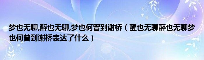 大家好,小安來為大家解答以上問題。夢也無聊,醉也無聊,夢也何曾到謝橋,醒也無聊醉也無聊夢也何曾到謝橋表達了什么很多人還不知道,現在讓我們一起來看看吧!
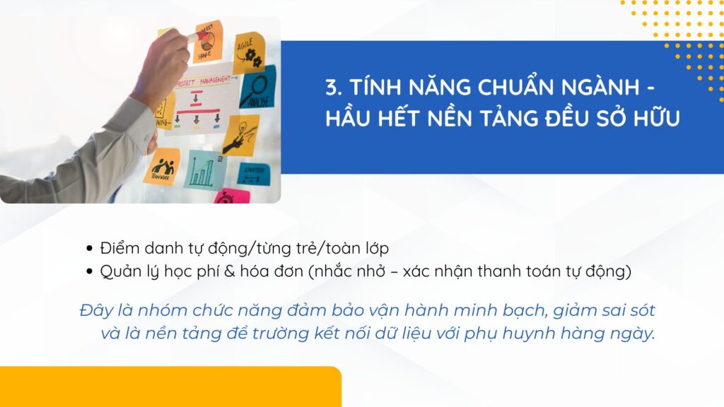 Đây là nhóm chức năng đảm bảo vận hành minh bạch, giảm sai sót và là nền tảng để trường kết nối dữ liệu với phụ huynh hàng ngày.
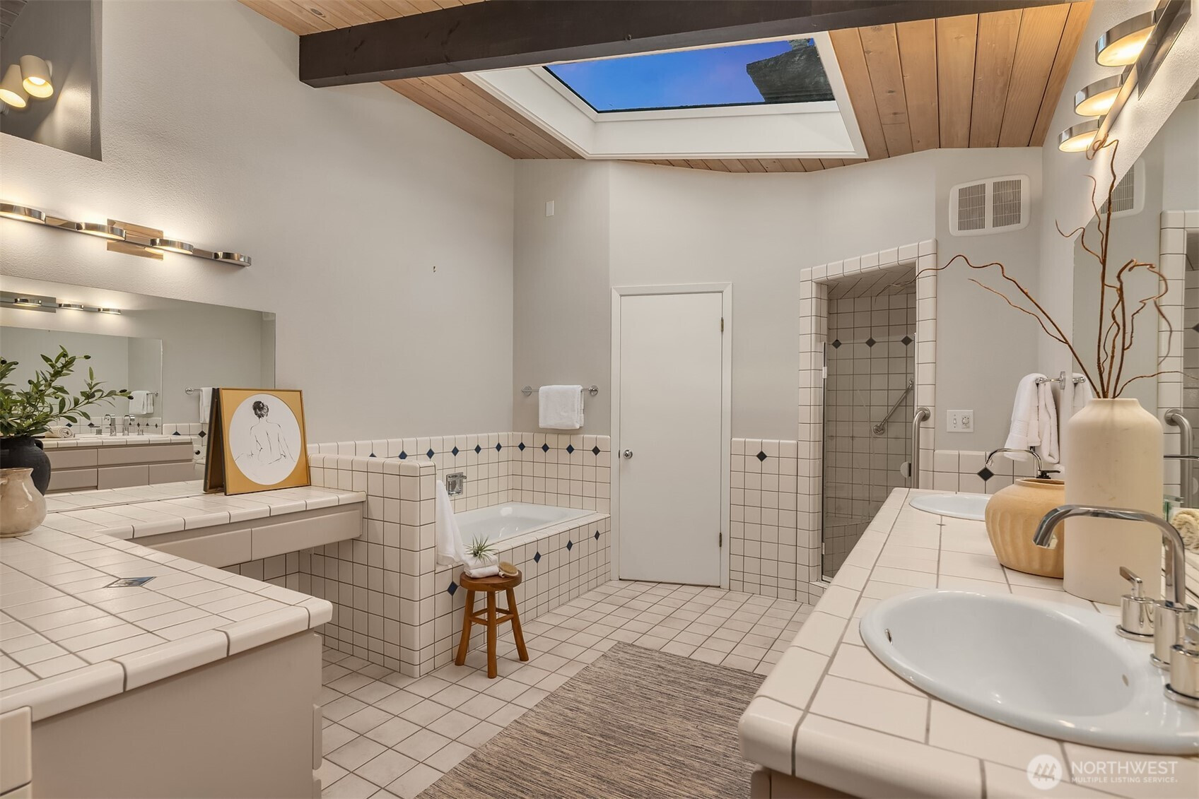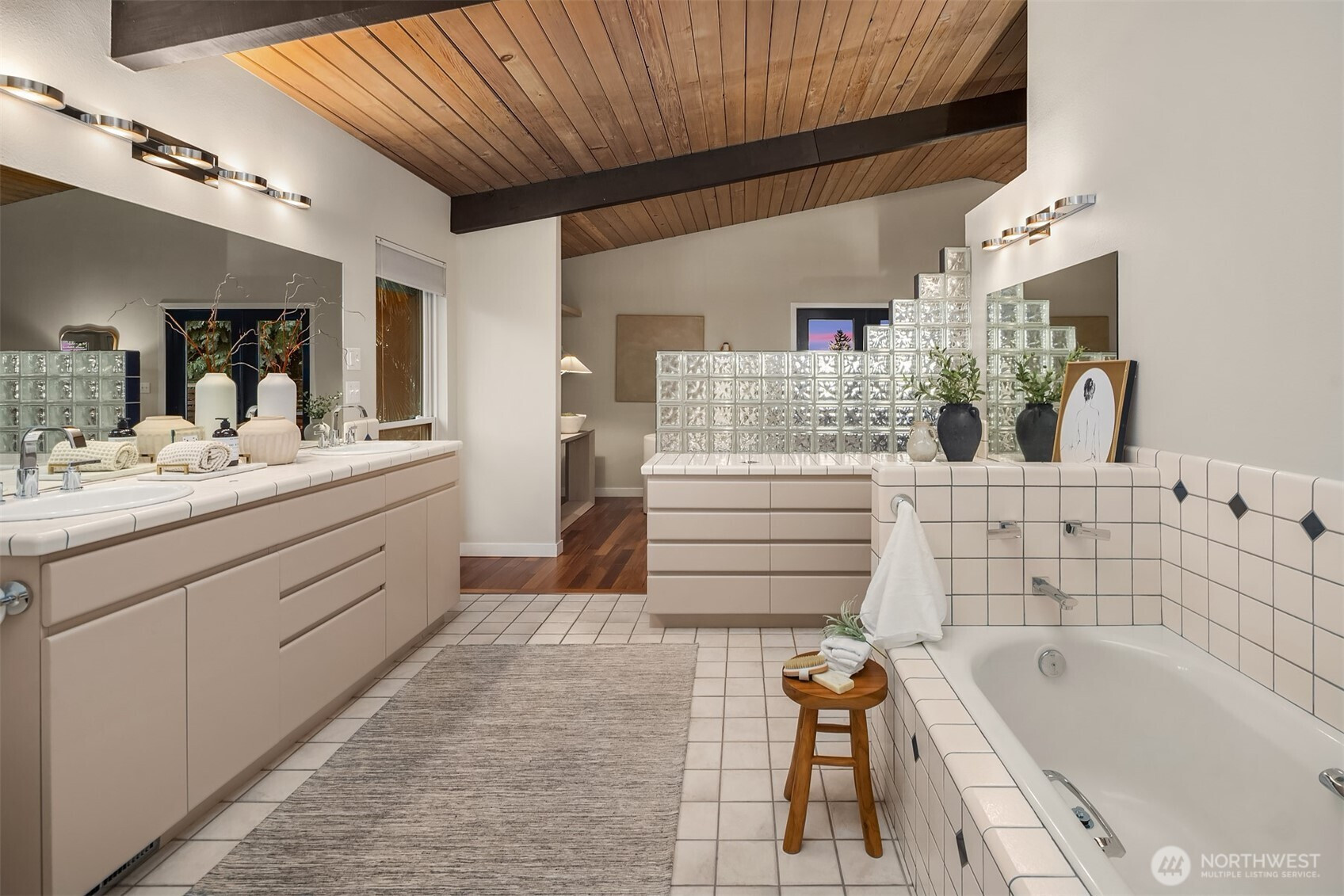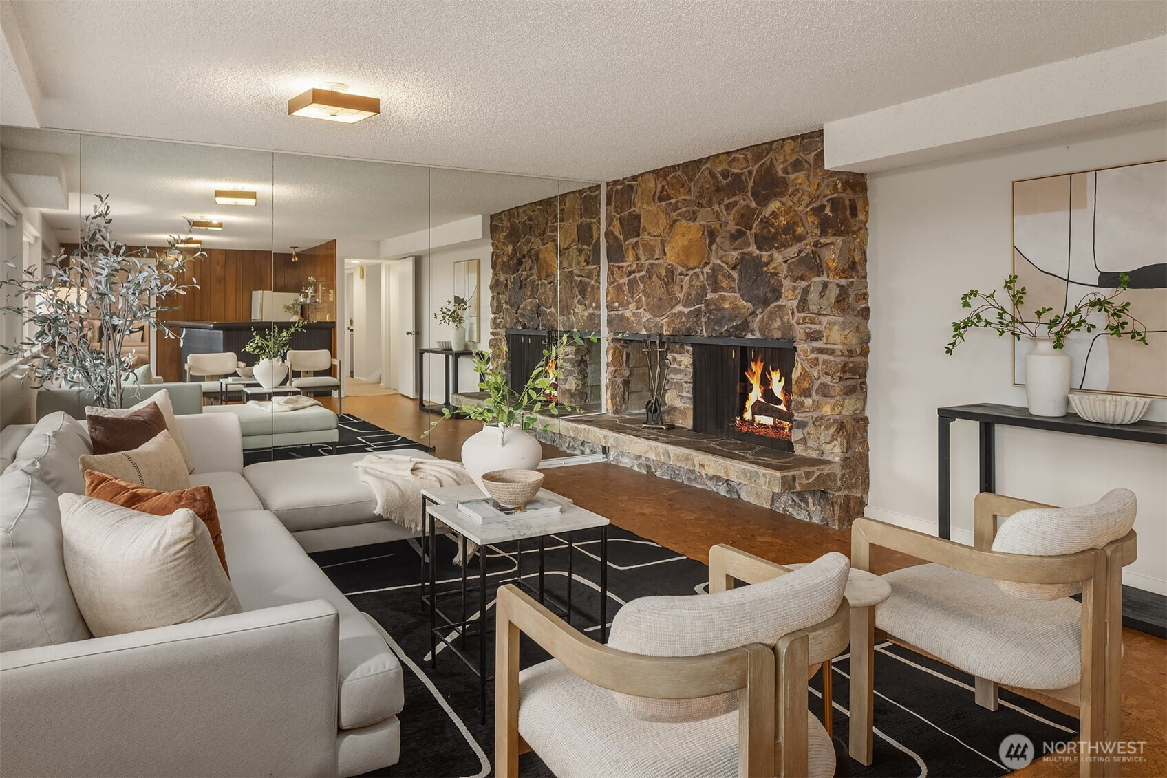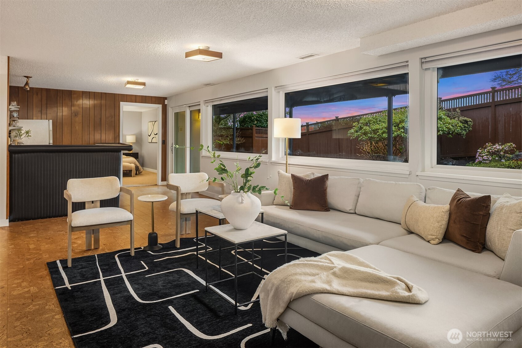 A Home, A Lifestyle… Located on Three Tree Point Heights, and overlooking Puget Sound and Olympic views, this architectural Northwest home offers convenience, comfort and versatility. Step into a spacious and open interior where one feels good: vaulted ceilings, walls of picture windows and natural elements. Cozy up by the stone fireplace with a good book, cook in the fully renovated kitchen while enjoying a lively conversation with friends and step onto the wrap around deck to breathe in the sea air. The easy floor plan offers main level living (without stairs if desired) and enjoys 2 bedrooms including a sizable primary ensuite with its spa bathroom and private access to a secluded deck & jacuzzi. The garden level boasts a wide array of uses with its sizable rec room, 3 additional bedrooms and own private patio and entrance: ideal as guest quarters, ADU or work retreat. Fully fenced, the mature grounds represent the ideal setting for fun Summer parties & barbecues around the swimming pool which adds an exotic feel to this wonderful property. Two sets of carports for 4+ cars, ample extra parking & storage. New HVAC system and membrane roof. Pick your own fresh raspberries in the warm season. Grow tomatoes and your own herbs on the sunny courtyard. A stone's throw to public beaches, minutes to Olde Burien's quaint shops and restaurants and a short drive to SeaTac international airport. Welcome to this peaceful and delightful place!

EXERCISE OBJECTIVE →
Only the lines from the beginning of the listing up to and including the line with "Đây là nhóm" should appear in the reply, copied word for word and free of pictures.

TASK OUTPUT →
 大家好,小安來為大家解答以上問題。夢也無聊,醉也無聊,夢也何曾到謝橋,醒也無聊醉也無聊夢也何曾到謝橋表達了什么很多人還不知道,現在讓我們一起來看看吧!
 Đây là nhóm chức năng đảm bảo vận hành minh bạch, giảm sai sót và là nền tảng để trường kết nối dữ liệu với phụ huynh hàng ngày.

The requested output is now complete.